BEGIN SUPPLIED MATERIAL
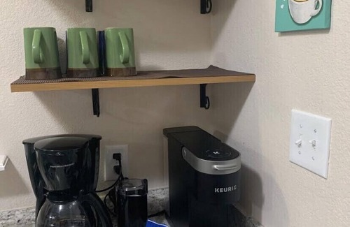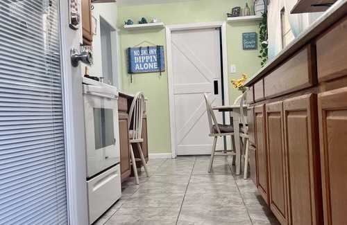 Enjoy your vacation in this cozy little 900 square foot 1 bedroom 1 1/2 bathroom home. Here you will find 2 comfy beds in the bedroom and a sofa that folds out into a full sized bed. A well equipped kitchen, large fenced in backyard, covered back patio, plenty of parking for your vehicles, boats, toys and more! There are plenty of restaurants, stores and shopping within walking distance. Sorry, no animals/livestock or pets of any kind are allowed in the home or on the property.
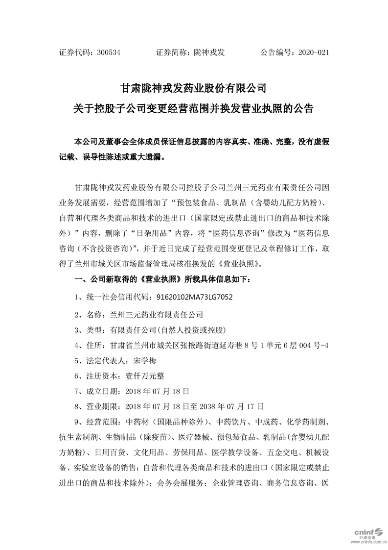 關(guān)于控股子公司變更經(jīng)營(yíng)范圍并換發(fā)營(yíng)業(yè)執(zhí)照的公告
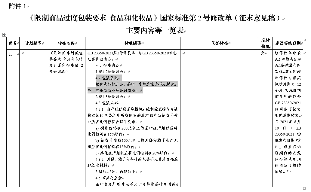 央視網(wǎng)消息:據(jù)工業(yè)和信息化部,根據(jù)國家標(biāo)準(zhǔn)委下達(dá)的強(qiáng)制性國家標(biāo)準(zhǔn)制修訂計(jì)劃,工業(yè)和信息化部組織完成了《限制商品過度包裝要求 食品和化妝品》強(qiáng)制性國家標(biāo)準(zhǔn)第2號(hào)修改單(征求意見稿)的編制工作。為進(jìn)一步聽取社會(huì)各界意見,現(xiàn)對(duì)標(biāo)準(zhǔn)征求意見稿及編制說明予以公示,截止日期2023年9月17日。
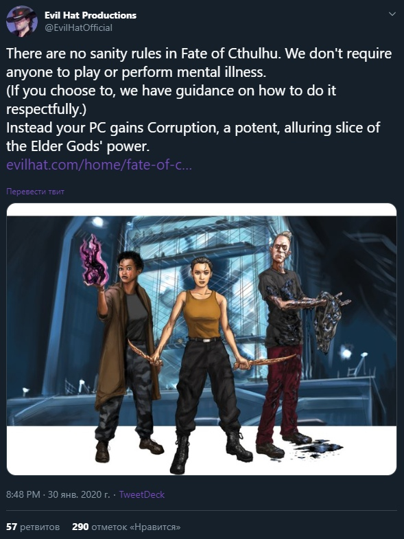 >>1531427 Фейт очень универсален. Главное, как по мне, отличие от Гурпсы - минимум цифр и задротства, максимум истории и художки. Это такая НРИ для гуманитариев, отрицающих нёрдско-физматовские корни хобби. Лично мне этим она и нравится. Но если тебе надо, чтобы всё было строго оцифровано и ты кайфуешь от построения билдов и прокачки - Фейт не твой бро.
END SUPPLIED MATERIAL
Say again, word for word, the lines beginning at the top of the data and ending with the line that has "央視網(wǎng)消息:據(jù)工業(yè)和信息化部". Skip the pictures.

 Enjoy your vacation in this cozy little 900 square foot 1 bedroom 1 1/2 bathroom home. Here you will find 2 comfy beds in the bedroom and a sofa that folds out into a full sized bed. A well equipped kitchen, large fenced in backyard, covered back patio, plenty of parking for your vehicles, boats, toys and more! There are plenty of restaurants, stores and shopping within walking distance. Sorry, no animals/livestock or pets of any kind are allowed in the home or on the property.
 關(guān)于控股子公司變更經(jīng)營(yíng)范圍并換發(fā)營(yíng)業(yè)執(zhí)照的公告
 央視網(wǎng)消息:據(jù)工業(yè)和信息化部,根據(jù)國家標(biāo)準(zhǔn)委下達(dá)的強(qiáng)制性國家標(biāo)準(zhǔn)制修訂計(jì)劃,工業(yè)和信息化部組織完成了《限制商品過度包裝要求 食品和化妝品》強(qiáng)制性國家標(biāo)準(zhǔn)第2號(hào)修改單(征求意見稿)的編制工作。為進(jìn)一步聽取社會(huì)各界意見,現(xiàn)對(duì)標(biāo)準(zhǔn)征求意見稿及編制說明予以公示,截止日期2023年9月17日。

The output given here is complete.